<<<<

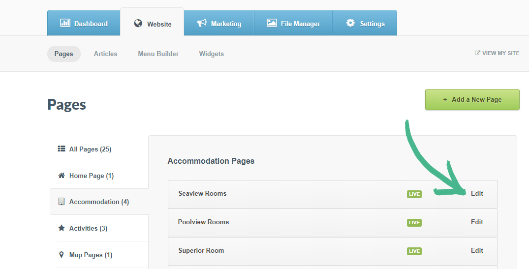 Step 1: In the Website tab, select Pages > Find the page you wish to edit SEO Settings on, Click Edit
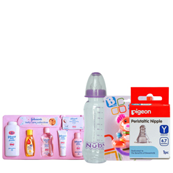 Create a beautiful world for your loved ones by sending this Exclusive New Born Special Baby Care Gift Set from Johnson wrapped up in the essence of your love and warm feelings. This Gift Set contains Johnson Baby Care Collection Kit, Pigeon Peristaltic Nipple, Nuby Milk Bottle 240ml and B Kids Lovely Lion Teether.
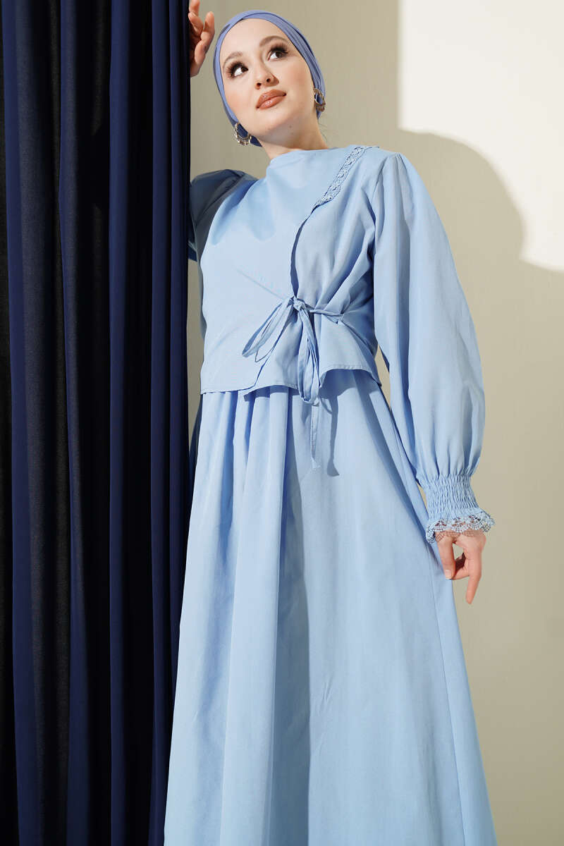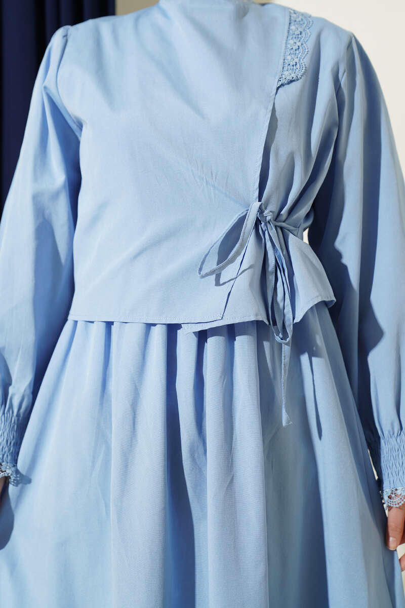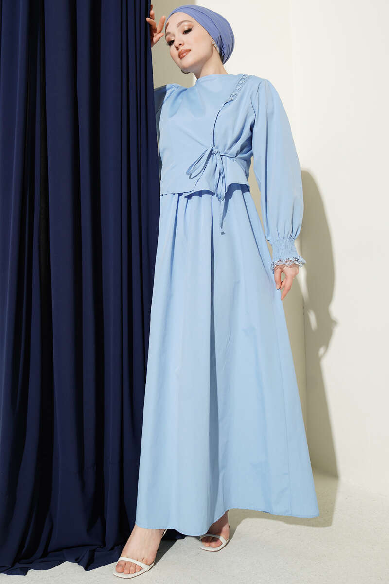Dantel Detaylı Poplin Jile Elbise Buz Mavisi

>>>>

• [Exercise]
Return the material exactly as it reads, though without the pictures it holds.

• [Solution to this problem]
 Step 1: In the Website tab, select Pages > Find the page you wish to edit SEO Settings on, Click Edit
 Create a beautiful world for your loved ones by sending this Exclusive New Born Special Baby Care Gift Set from Johnson wrapped up in the essence of your love and warm feelings. This Gift Set contains Johnson Baby Care Collection Kit, Pigeon Peristaltic Nipple, Nuby Milk Bottle 240ml and B Kids Lovely Lion Teether.
Dantel Detaylı Poplin Jile Elbise Buz Mavisi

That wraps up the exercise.